Just like with meds, I always investigate doctors thoroughly before selecting who I will entrust with my care. With my neurologist’s referral, I researched the two doctors he recommended. They both had glowing reviews. And not just their 4.8 and 4.9 ratings (5-point scale), but the comments supported the encouraging nature of the doctors. Between the two, I picked the one whose comments I liked best. The most resonating review read,
He told me my pain was not in my head.
I got in to see him faster than expected. Even though his medical office is 30 minutes from my house, I enjoyed the drive, anticipating that this was the guy who was going to take my healing journey to the next level. I listened to my favorite Spotify playlist on the way there.
My excitement was squashed as quick as a mosquito on my ankle on a humid summer night as soon as the doctor walked into the room.

Doctor: We’re a spine center. (The word “spine” called out in a James Earl Jones slow and bellowing-like sound. The implication was —- why are you here).
Doctor: Again, we’re a spine center. And he said it a third time before he asked
Doctor: How can I help you?
His whole thing caught me off guard. I became distraught after this gigantic build-up that he was going to be my guy. I started crying. He ignored the fact that I was crying and continued with business. (Part of me appreciated not having to talk about the fact that I was crying.

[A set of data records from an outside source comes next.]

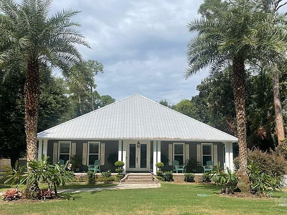 A Must See! This customized 'owner built and occupied' home on Innerarity Island is definitely one to put on your search list to see first. The owner has taken the guess work out of the modern comforts of home-life when designing this home. Heavy front doors, 165 mph hurricane proof windows, metal roof, MiraTech composite wood, moisture, rot and termite resistant exterior 50 yr warranty, fully extra insulated attic keeping electric bill mid $200 year round, hardwood floors. Spacious kitchen with all stainless steel appliances, LG large refrigerator with front glass double open door with light, allowing a quick view or only opening the front part to grab a drink. A built in pot filler faucet over large gas stove, farmer style sink built in island, all brass fixtures, convection mircrowave and stove, 2 spice cabinets both sides of the stove, built in mixer cabinet, wide flat pan cabinet w/ separating racks above the oven, designed tile stove back splash with clear covers on sides to stay clean. Large centered island with heavy, thick high-end marble top. Formal dining area, laundry room near back of house, oversized stainless steel washer and dryer, and 1/2 bathroom. The master bathroom contains glass door, tiled large shower, a white claw foot tub w/ brass side fixtures, separate full vanity sinks on each side of the bathroom, one with built in makeup area w/ chair and lots of drawers and cabinet space around both. Master bedroom closet with built in shoe wall, extra shelving, top and bottom clothes racks. Private back yard wood fence with natural woods behind, 15 x 8 screen back porch. Far set back from road, 48 ft front porch across width of home, grassy front yard, 120 sq ft yard building.Disclosure: Buyer to verify all measurements.
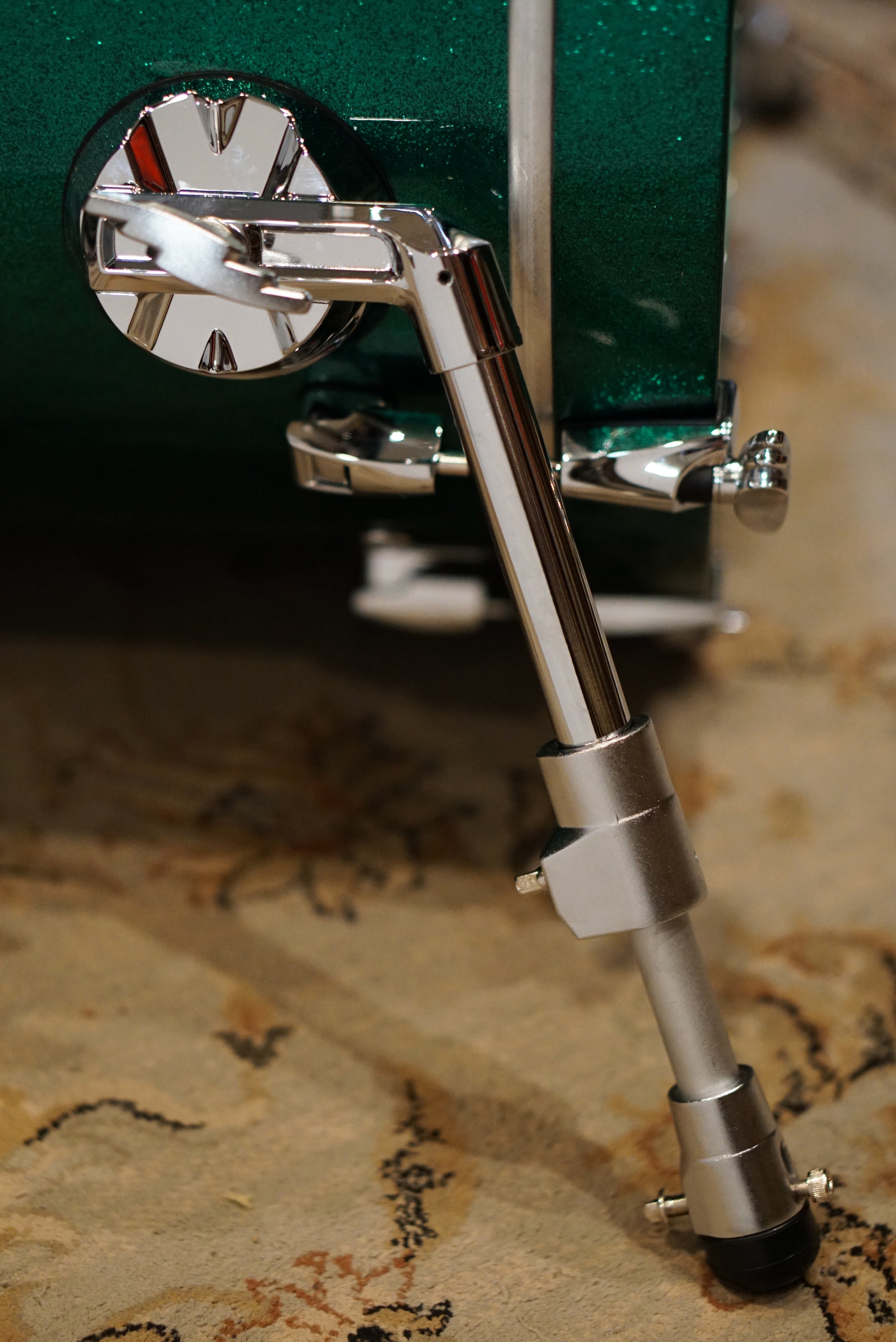 The tom holder's small, lightweight footprint allows the bass drum shell to vibrate more freely.
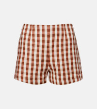 True to Faithfull's ethos, this design brings the brand's passion for travel and summertime into focus. Made purely from breezy linen, the Lila shorts are fully lined and feature a mid-rise waistline and a sophisticated gingham print. Product Details - Material: 100% linen - Care instructions: machine wash at 30 degrees - Made in Indonesia - Color: brown - Designer color name: Gingham Cedar - Lining: 100% cotton - Closure: concealed zipped back - Item number: P01123578 Size & Fit - True to size - Non-stretchy fabric - Slim-leg - The model seen in the picture is 178cm-5'10" and wearing a size XS
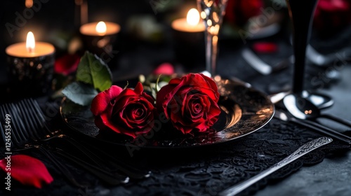 Romantic Dark Valentine Theme with Red Roses and Black Lace Setting
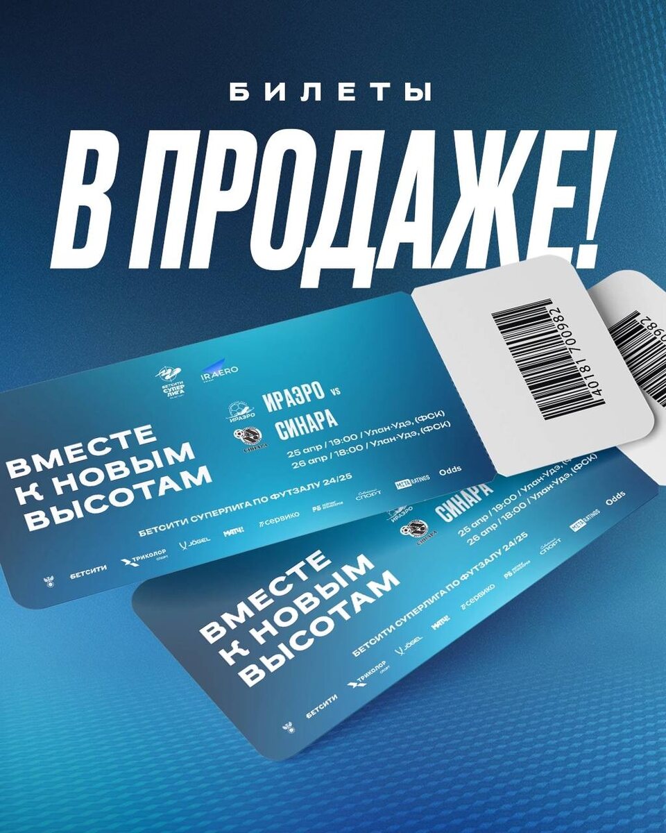 ⚽️ Впервые Улан-Удэ - Суперлига России по футзалу! 25-26 апреля в ФСК пройдет заключительный тур Суперлиги России. Площадка на два дня станет домом для иркутского футзального клуба «ИрАэро», который примет «Синару» из Екатеринбурга. «Авиаторы» готовы к битве! Поддержи команду на заключительном этапе сезона🔥 Отметим, 22 и 23 апреля в ФСК пройдут мастер-классы для детей с 14:00 до 15:00. 24 апреля - предыгровая тренировка у «ИрАэро» с 16:00 до 17:30, у «Синары» с 17:30 до 18:30. В этот же день пройдет совместная автограф-сессия с 19:00 до 20:00. Купить билеты: 25 апреля в 19:00 -https://irkutsk.qtickets.events/160315-iraero-sinara 26 апреля в 18:00 -https://irkutsk.qtickets.events/160414-iraero-sinara Реклама.Рекламодатель АНО "ФК "ИрАэро".ИНН:3808278027.erid:2SDnjcZkQPw.
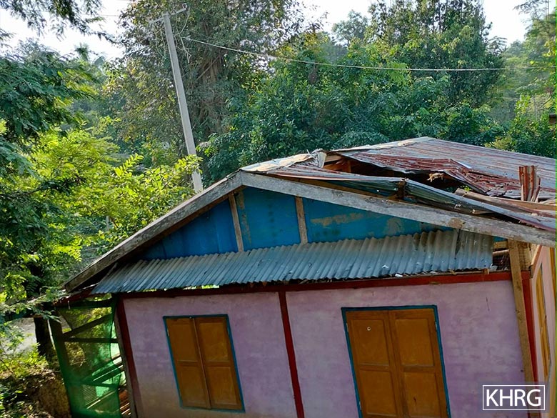 This photo was taken on December 7th 2023 in J--- village, Eee Heh village tract, Hpa-an Township, Doo Tha Htoo District. This photo shows the damage caused by the SAC shelling of mortar rounds, that landed on the roof of a house, on December 5th 2023. The roof was destroyed by the explosion. [Photo: KHRG]
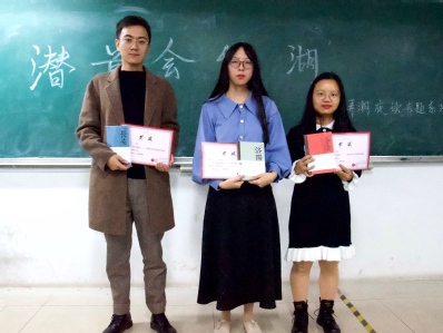 最后,社长潘家仪同学对本次夜读活动做出总结,并向在活动中发言精彩的同学颁发了奖状。颁奖过后,全体参与夜读的同学上台合影留念。

So this part was not so bad.)
I worked through my tears and was able to focus on the needs of being there. Eventually, we got around to medications and he agreed to own the script for the existing med I’ve been taking for the pain. More importantly, he was also willing to prescribe the off-label use of a med after he looked it up and understood the premise.
At last… a partial solution
Amazingly, after cycling through all the doctors who did not want to prescribe this med, now that I could try it, I knew the first day I took it that it was doing something for me. The med’s relief was noticeable.

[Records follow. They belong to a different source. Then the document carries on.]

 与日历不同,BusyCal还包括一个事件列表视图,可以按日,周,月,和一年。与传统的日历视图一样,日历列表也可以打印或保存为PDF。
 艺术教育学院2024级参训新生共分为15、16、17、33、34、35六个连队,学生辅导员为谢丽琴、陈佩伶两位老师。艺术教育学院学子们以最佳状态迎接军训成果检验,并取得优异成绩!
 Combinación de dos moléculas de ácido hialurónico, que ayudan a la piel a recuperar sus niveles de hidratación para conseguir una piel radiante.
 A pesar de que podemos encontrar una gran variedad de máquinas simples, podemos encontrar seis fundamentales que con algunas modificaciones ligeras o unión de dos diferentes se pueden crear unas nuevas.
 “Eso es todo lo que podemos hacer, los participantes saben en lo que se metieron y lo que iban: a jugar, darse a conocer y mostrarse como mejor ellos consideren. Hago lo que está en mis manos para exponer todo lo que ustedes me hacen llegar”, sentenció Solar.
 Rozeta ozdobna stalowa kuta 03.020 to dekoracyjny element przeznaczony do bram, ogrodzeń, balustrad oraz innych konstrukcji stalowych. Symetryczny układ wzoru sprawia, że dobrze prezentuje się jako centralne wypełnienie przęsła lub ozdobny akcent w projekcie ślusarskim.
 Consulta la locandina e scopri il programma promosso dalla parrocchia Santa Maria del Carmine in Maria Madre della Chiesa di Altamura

By no means was the pain gone, and I still get 10/10 pain on most days, but I now have periods during the day with less to no pain where I can get things done. This med was doing more for me than any other treatment, except for the nerve block. It was tied with the nerve block.
Unfortunately, like the nerve block, this med has an unacceptable side effect. I have another med I can flex the use of, and with that, I am currently managing this side effect. It requires careful attention and is administered 3 to 4 times a day, making it a closely monitored treatment.
With the doctor’s inappropriate bedside manner, I had half a mind to kick him to the curb. However, in the short term, I needed him, so I played nice.
Could all these events really have occurred within a week? With each event throwing something different at me, my resilience got stronger. It was like a rubber band getting pulled back so far you wonder if it’s going to break. But then it releases and you see it bounce back. Just call me… rubber band.
I am grateful to recognize the synchronicity of these events. Both my therapist and physical therapy seem to follow a natural progression, which coincidentally happened the same week. And the big news, fortunately, I was able to get a medication that is helping with the pain.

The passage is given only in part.